To view and analyze the indexed logs, I connect to the Kibana instance by forwarding connections as follows:

> kubectl port-forward --address 0.0.0.0 -n kube-system service/elastic-internal-kb-http 5601

Here again there are more robust solutions for accessing the Kibana UI from outside Kubernetes, i.e., the browser on your laptop, using a load balancer service.

Login to the Kibana UI using the ‘elastic’ username and associated password retrieved from a Kubernetes secret:

> echo $(kubectl get secret -n kube-system elastic-internal-es-elastic-user -o=jsonpath=’{.data.elastic}’ | base64 --decode)

Once in Kibana, create an index pattern for the fluentd data so that it can be easily searched. By default, Fluentd creates one index per day following the template “logstash-YYYY-MM-DD”; the index pattern “logstash-*” makes searching across all time straightforward. Another advantage of creating one index per day is that it enables flexible lifecycle rules as well, for example automatically deleting indices older than 60 days.

Then select the timestamp field for time-based filtering:

Next time your complicated, distributed Kubernetes application does not work as expected, you can use the single Kibana dashboard to navigate through the log messages across multiple components. A key benefit of this centralized logging is the ability to filter using the timestamp field synchronized across multiple, independent components.

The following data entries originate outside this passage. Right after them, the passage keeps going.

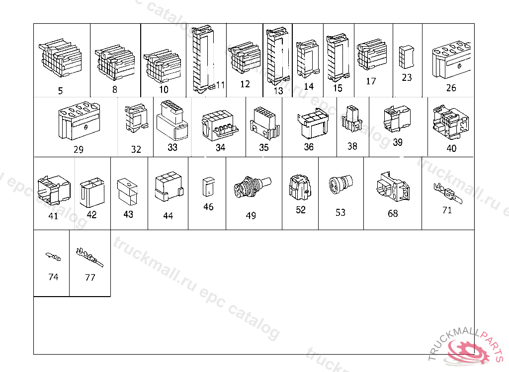 PLUG HOUSING PLUG CONNECTION,WIRING HARNESS FOR ROOF/INSTRUMENT SUPPORT X124, X125, 21 PIN
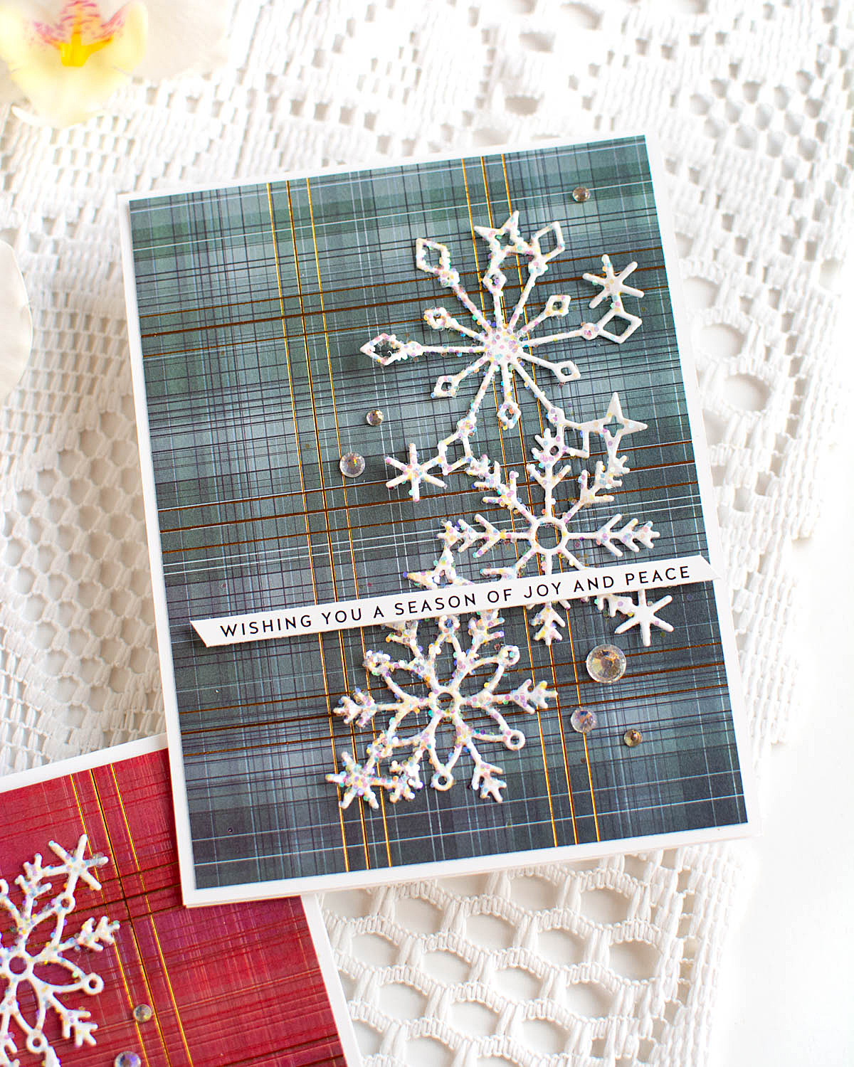 Gems in Opal, that were the perfectly complement to the snowy effect! Here are more photos of these finished cards:
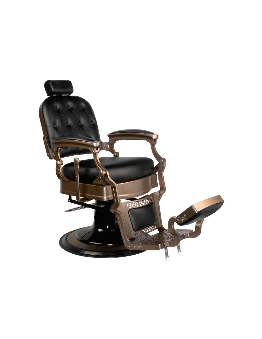 La solida struttura della base garantisce stabilità e un elevato comfort di utilizzo. Il sedile, riempito con schiuma durevole e resistente alla deformazione e rivestito con pelle sintetica piacevole al tatto, resistente all'abrasione e di facile manutenzione, garantisce la durata del mobile e il comfort ai massimi livelli. I materiali utilizzati rendono la poltrona resistente all'umidità, durevole e facile da pulire. L'elegante rivestimento nei toni del nero, la trapuntatura decorativa con bottoni sullo schienale e l'elegante poggiapiedi conferiscono alla poltrona un carattere unico. Il suo design, ispirato allo stile vintage, si adatta perfettamente all'atmosfera dei classici barbieri, sottolineandone l'atmosfera unica. I dettagli raffinati, la texture originale del rivestimento e la base massiccia garantiscono non solo l'estetica, ma anche la massima stabilità. Questa combinazione di eleganza e funzionalità soddisferà le aspettative anche dei professionisti più esigenti.
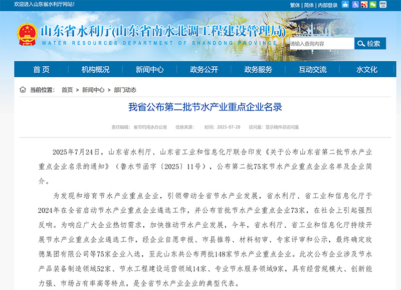 恭賀我司通過山東省第二批節(jié)水產(chǎn)業(yè)重點企業(yè)
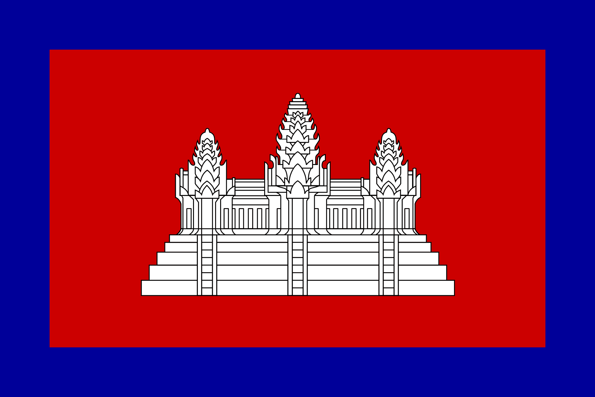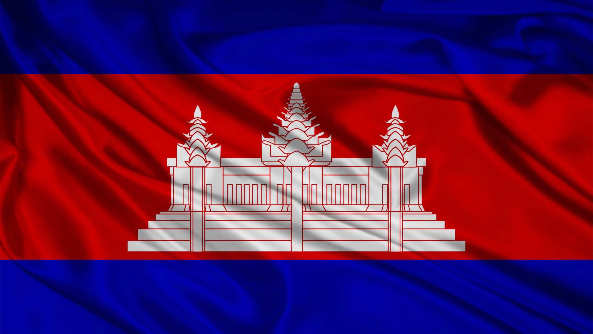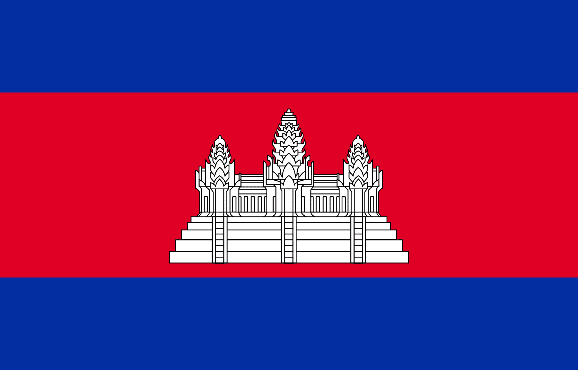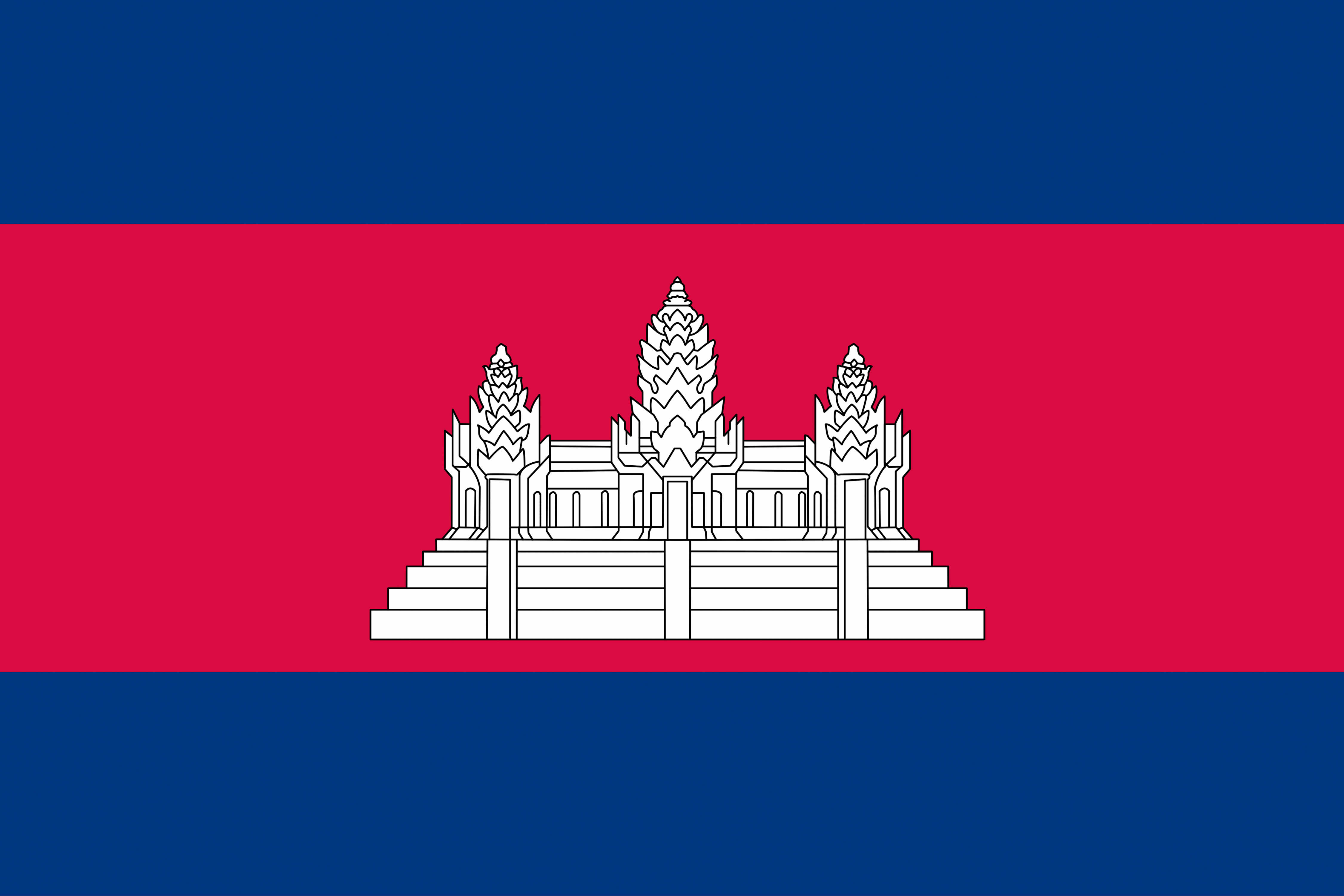 自1850年左右以来,柬埔寨国旗提出的解释在本世纪中叶吴哥窟。现在国旗,用蓝色乐队在上部和底部的水平和红色封面的主要部分国旗在1948年应用在柬埔寨的自由。以下国家的民主柬埔寨,坚持从1975年到1979年,用红旗与主桥吴哥窟风格保持黄色。
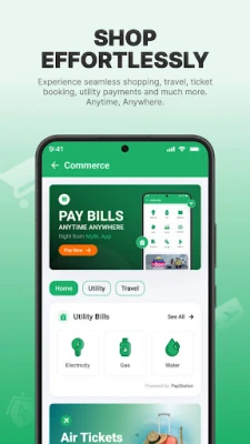 * Commerce: Pay your utility bills and plan your travel with our ticketing services
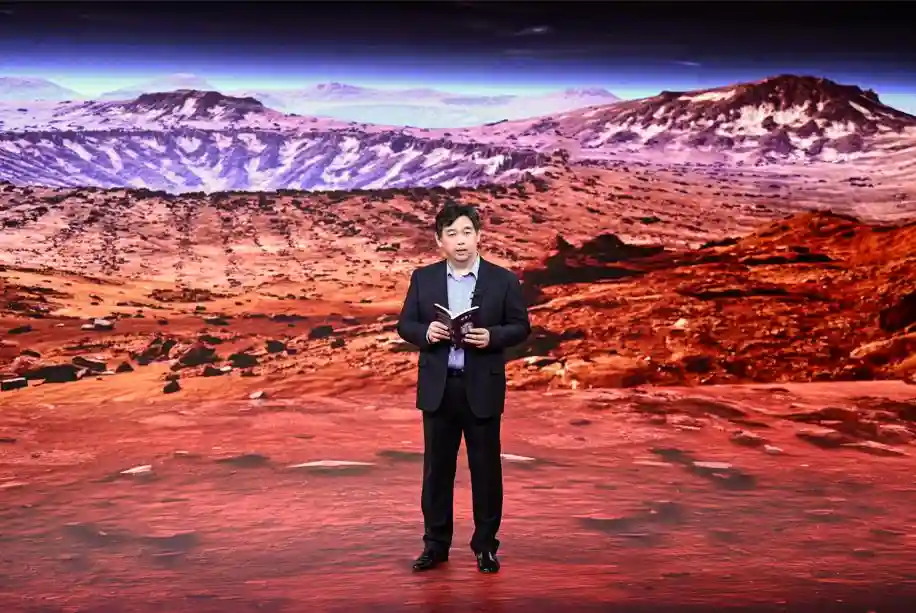 我认为讲好科学故事和讲好传统故事,还不是一回事。比如说录制现场这张背景照片,是“天问一号”获得的珍贵影像。很可能我们会是世界上最早把人送上火星,然后再带回来的国家。到那时,这就是中国故事的背景。所以我不觉得中国故事一定要从古代去寻找,当代的中国人正在创造历史上前所未有的辉煌,更应该用科幻来讲好当代人的故事。
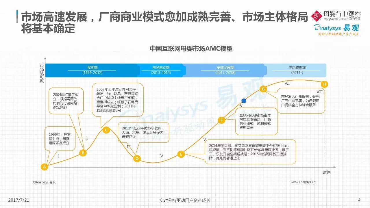 從中國的母嬰市場網(wǎng)絡(luò)零售情況來看,母嬰市場網(wǎng)絡(luò)零售占到整體網(wǎng)絡(luò)零售總額的5.9%,我們預(yù)計2017年能達(dá)到6.9%左右的份額。原來大家覺得做母嬰更多的應(yīng)該在寶寶層面做,有一個數(shù)據(jù)顯示2017年媽媽消費占比也是在提升的,這意味著現(xiàn)在家庭消費的觀念已經(jīng)越來越強了。 3、互聯(lián)網(wǎng)母嬰市場AMC模型
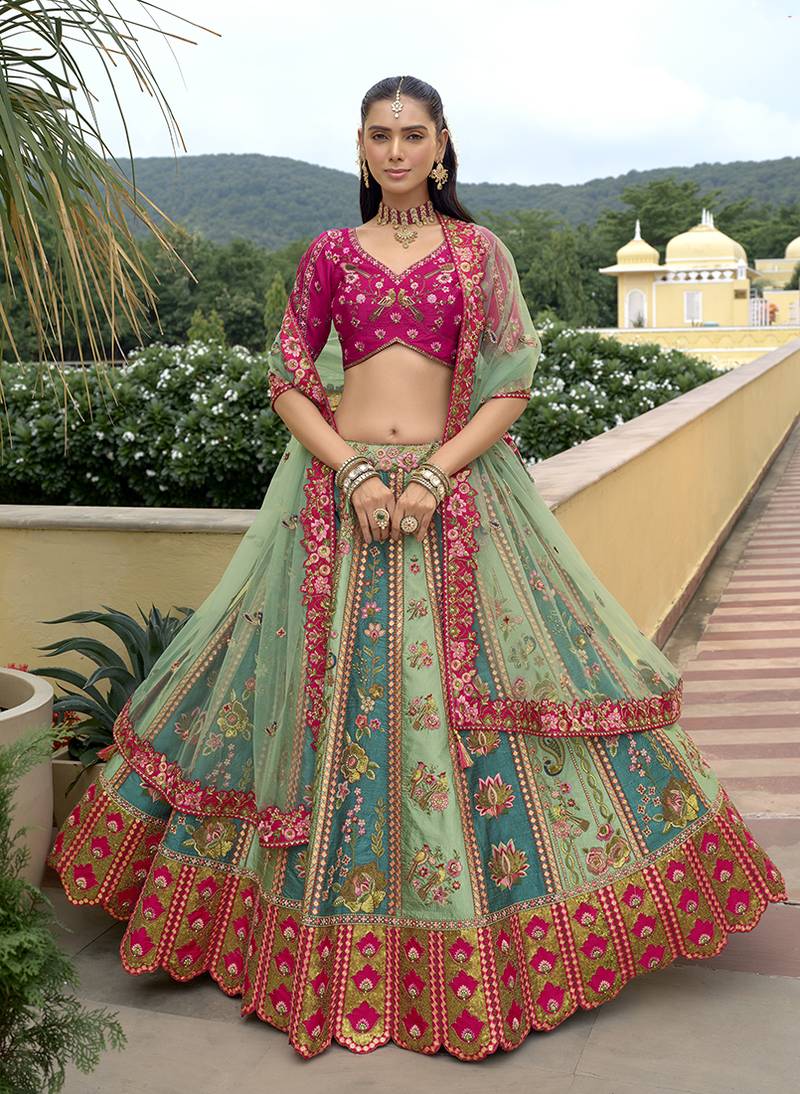 Turquoise & sea green embroidered art silk designer wedding lehenga choli
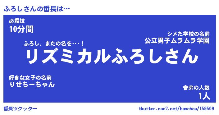| 意味不明あだ名 | 『ペロリンふろし』『ふろしフォーエバー』 |
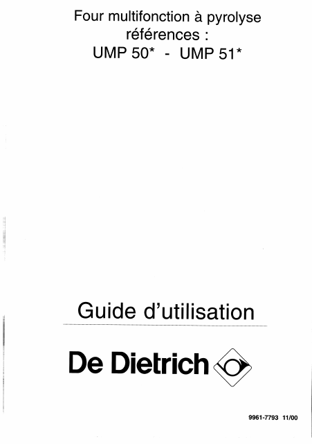 DE DIETRICH UMP504J1 Users Guide French
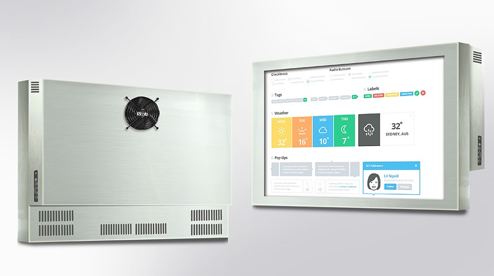 SCH3205-QF35L0-00003 Настенный дисплей 32'' (16:9), корпус из нержавеющей стали, разрешение 3840x2160, яркость 300 нит с входом VGA, DVI и HDMI
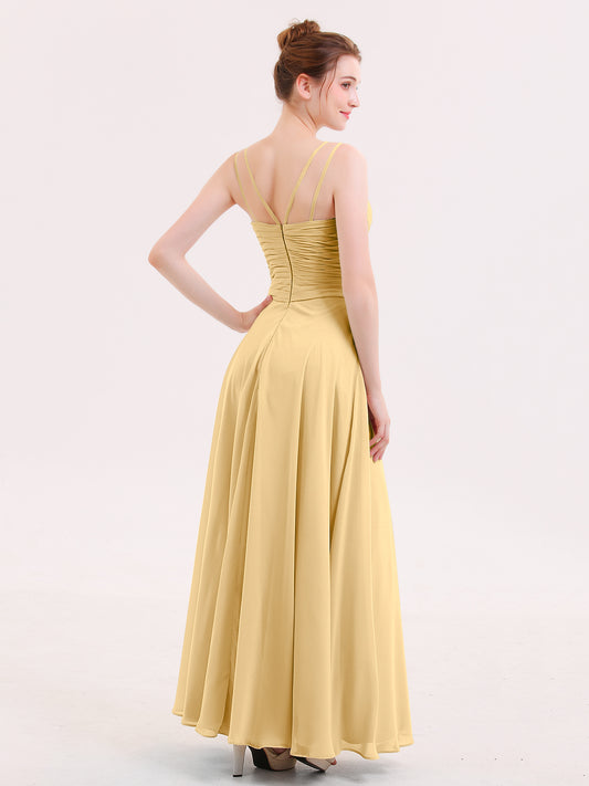 Babaroni JennyJenny Largo Vestidos De Dama De Honor Con Corpino Plisado Oro Tallas Grandes
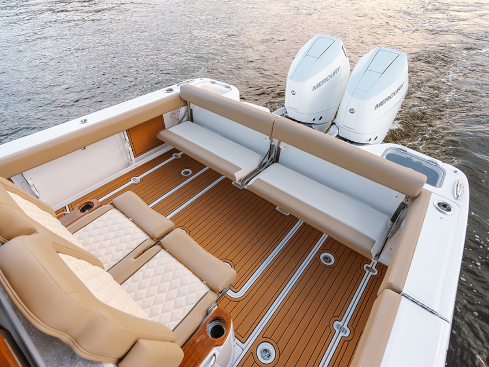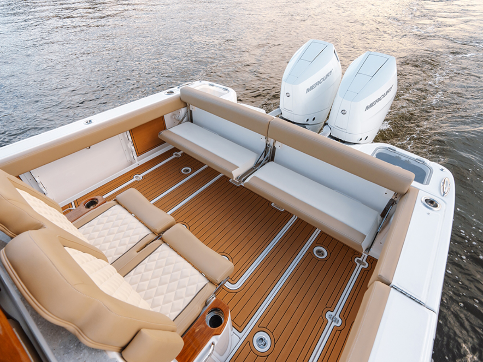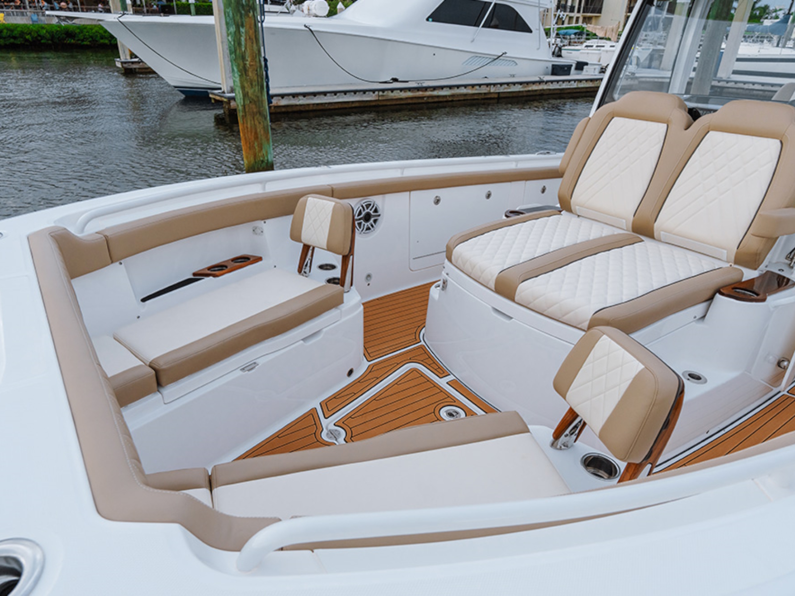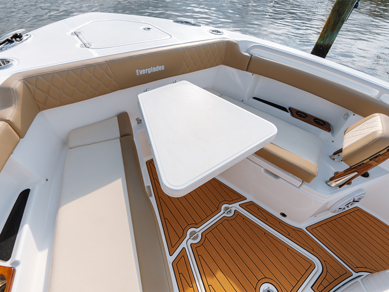 - Cushioned forward console lounge seating with armrests, cup holders (2) & extra large storage compartment with a divider, dedicated fender, rope, and casting platform storage

The size of this Elastic cluster is only about 1–2 GB per day of stored indices for my 8-node Kubernetes cluster. A cluster this small can easily fit alongside other, larger production clusters. Normally, each cluster incurs extra burden of provisioning and management, regardless of size. But using the Elastic operator ECK makes it easy to spin up variously-sized Elastic cluster as needed; creating a flexible Elastic-as-a-service instead of having to purpose-build and manually manage DAS clusters.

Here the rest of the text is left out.